Recorded information:
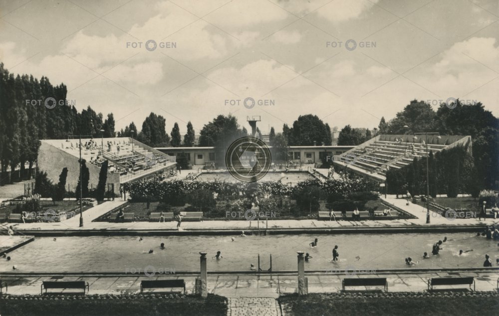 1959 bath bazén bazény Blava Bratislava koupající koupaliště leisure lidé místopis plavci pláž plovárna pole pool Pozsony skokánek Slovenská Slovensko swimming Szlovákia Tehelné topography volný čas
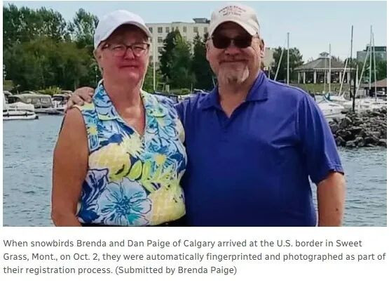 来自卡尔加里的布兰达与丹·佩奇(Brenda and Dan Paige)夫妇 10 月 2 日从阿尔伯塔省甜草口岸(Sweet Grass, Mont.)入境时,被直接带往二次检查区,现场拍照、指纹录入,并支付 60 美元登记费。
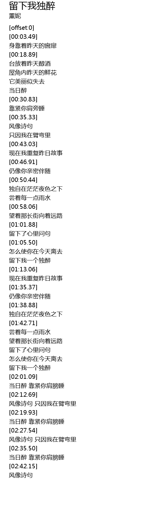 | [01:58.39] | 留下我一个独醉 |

---

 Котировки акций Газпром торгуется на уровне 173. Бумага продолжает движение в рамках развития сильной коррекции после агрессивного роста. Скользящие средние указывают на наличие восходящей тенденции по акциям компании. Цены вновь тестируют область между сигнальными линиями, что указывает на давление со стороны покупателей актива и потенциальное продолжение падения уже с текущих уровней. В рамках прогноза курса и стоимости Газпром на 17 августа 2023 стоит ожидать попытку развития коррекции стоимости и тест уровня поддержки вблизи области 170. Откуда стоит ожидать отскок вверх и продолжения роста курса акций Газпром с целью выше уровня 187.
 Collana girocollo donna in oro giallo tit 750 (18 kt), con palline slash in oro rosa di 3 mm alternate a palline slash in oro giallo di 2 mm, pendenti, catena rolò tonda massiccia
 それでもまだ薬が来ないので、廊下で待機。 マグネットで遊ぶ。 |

--

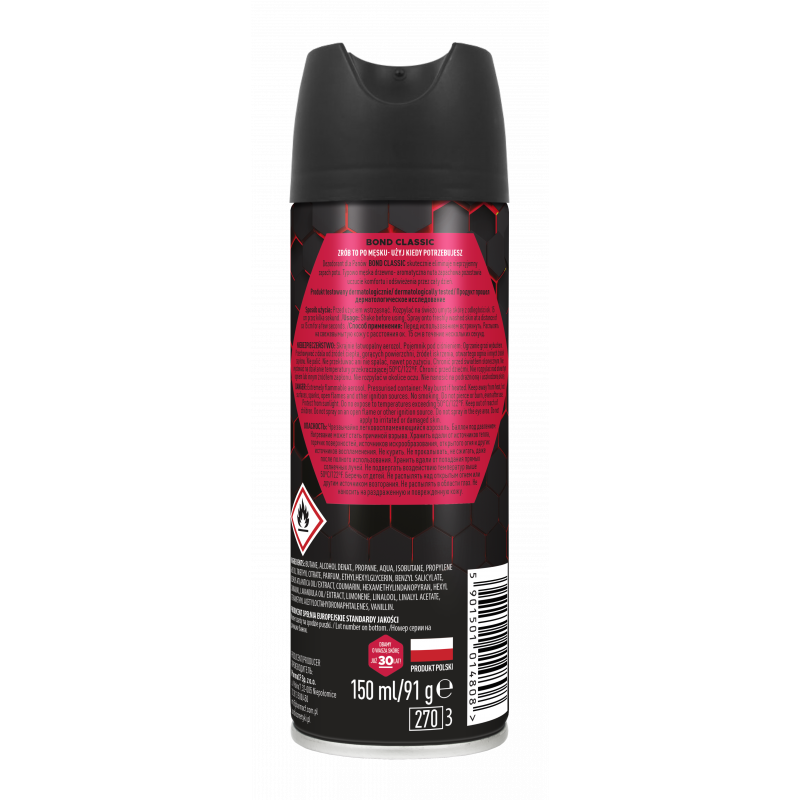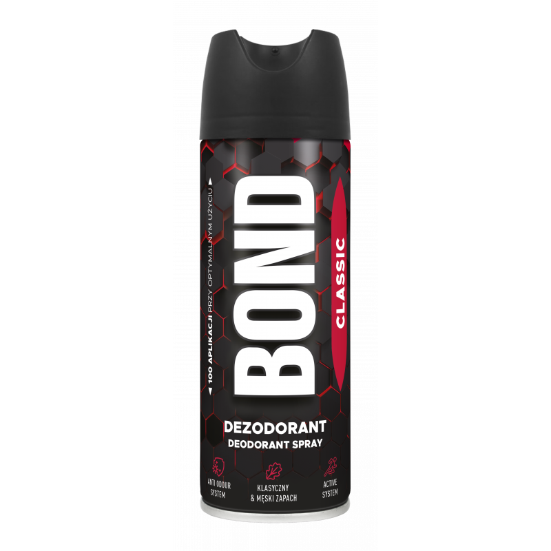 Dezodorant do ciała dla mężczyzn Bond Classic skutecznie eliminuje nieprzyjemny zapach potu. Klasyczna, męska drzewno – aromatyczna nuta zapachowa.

What to produce:
Only the lines of the listing above from the one with "1959 bath bazén" through the one with "[01:58.39] | 留下我一个独醉 |" should be output, exactly, with both ends kept and pictures left out.

Written response:
 1959 bath bazén bazény Blava Bratislava koupající koupaliště leisure lidé místopis plavci pláž plovárna pole pool Pozsony skokánek Slovenská Slovensko swimming Szlovákia Tehelné topography volný čas
 来自卡尔加里的布兰达与丹·佩奇(Brenda and Dan Paige)夫妇 10 月 2 日从阿尔伯塔省甜草口岸(Sweet Grass, Mont.)入境时,被直接带往二次检查区,现场拍照、指纹录入,并支付 60 美元登记费。
 | [01:58.39] | 留下我一个独醉 |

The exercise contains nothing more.